Mitt Romney executed a masterful end-run around Barack Obama last night, grabbing the political center that Obama has so deftly occupied for the past four years.  And he did it by repeatedly lying about his policies.  Furthermore, he changed the narrative of the election from ideology to a referendum on Obama's effectiveness.  Basically, his argument last night, after flip-flopping on some major conservative points (see more below), was, "I'm really not that much different than President Obama, but with a Republican-led Congress, I'll be much more effective at executing.  The President's had time to get stuff done and he's failed, so it's time to give me a shot at it." 

Where did Romney flip-flop?  On the DREAM Act, he said he would keep the order alive (the far right hates this law).  On Obamacare, he said he'd keep all the good things he liked alive while getting rid of the law nonetheless (which would be impossible).  He will stop Obama's $716B Medicare stripping and let seniors choose to have traditional Medicare if they want (a lie and a bureaucratic clusterfuck to run two different programs at the same time).  And he would embrace Simpson-Bowles "with some tweaks here and there" to make it stronger (another lie). 

The worst part of Romney's argument is that it could work.  People can see the reasonableness of what he said, when in truth the extremist GOP has held the country hostage for four years by obstructionism and nihilism toward anything Obama wanted to do, and has then blamed Obama for it.  Romney sold us on his plan, and it involved the most adept example of pandering that he has ever shown us.  Those in the middle who haven't yet decided whom to elect might very well have been pulled to his side.

As for President Obama, I have never been more disappointed in him.  Going into this debate, he had to have known that Romney would come in acting like he had nothing to lose.  Say anything, who cares if it's true?  Obama himself, meekly harping on Romney's $5 trillion tax cut, referenced the idea that if you say something enough times... And then he caved when Romney said his plan did not involve a $5 trillion tax cut, but would cut taxes for the middle class.  Why didn't Obama say, eye to eye, face to face, "You and your running mate have talked about the vagaries of your plan for weeks.  Americans are getting tired of your games; they want specifics.  Give us all one specific example of how your plan is deficit-neutral."  Why?  Because that's not his character. 
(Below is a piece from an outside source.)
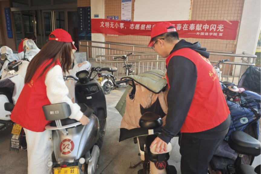 文明校园,健康出行。为普及交通安全知识,倡导文明绿色出行,校青协开展“文明校园,绿色出行”主题活动,规范校内车辆摆放,引导学生有序停放自行车、电动车。智能建造与交通工程学院开展“文明校园,健康出行”主题宣传活动,维护校园交通秩序。外国语学院开展“出行守秩序,绿色步行护校园”活动,引导学生养成文明安全的出行习惯。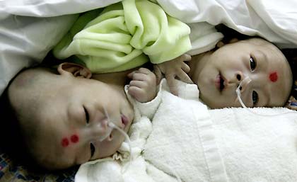 The conjoined twins lie in a hospital in Shanghai March 1, 2005. [newsphoto]

So does Obama's long game, the deftness of which has frequently been underestimated, entail letting fact-checkers and surrogates do his dirty work?  Probably.  In our 24-hour news cycle world, the next day will involve a phalanx of Democratic strategists and administration officials relentlessly slamming Romney's tax plan, his lies at the podium, his 47% statement, and his inability to relate to ordinary Americans.  Could Romney have been more insincere than last night?  Between the smug, bemused smile he pasted on his face, coupled with the vaguely uncomfortable look in his eyes, I got the sickest feeling that he didn't mean a word he said. 

Worse, however, was Obama's refusal to look up while Romney was speaking directly to him.  A president, especially one who has firm confidence in the good he has done, can ill afford not to meet his opponent's gaze.  He came off as aloof, distracted, bored.  That's the ticket: he bored me, and I sure as hell think he bored a lot more people too.

Damage has been done.  Polls are showing a narrowing, and Nate Silver shows that Obama's reelection chances dropped from 74% to 64% overnight.  Round two will need to be a very strong showing for the President.  I truly don't think he can withstand another onslaught from Romney without an equally strong push-back.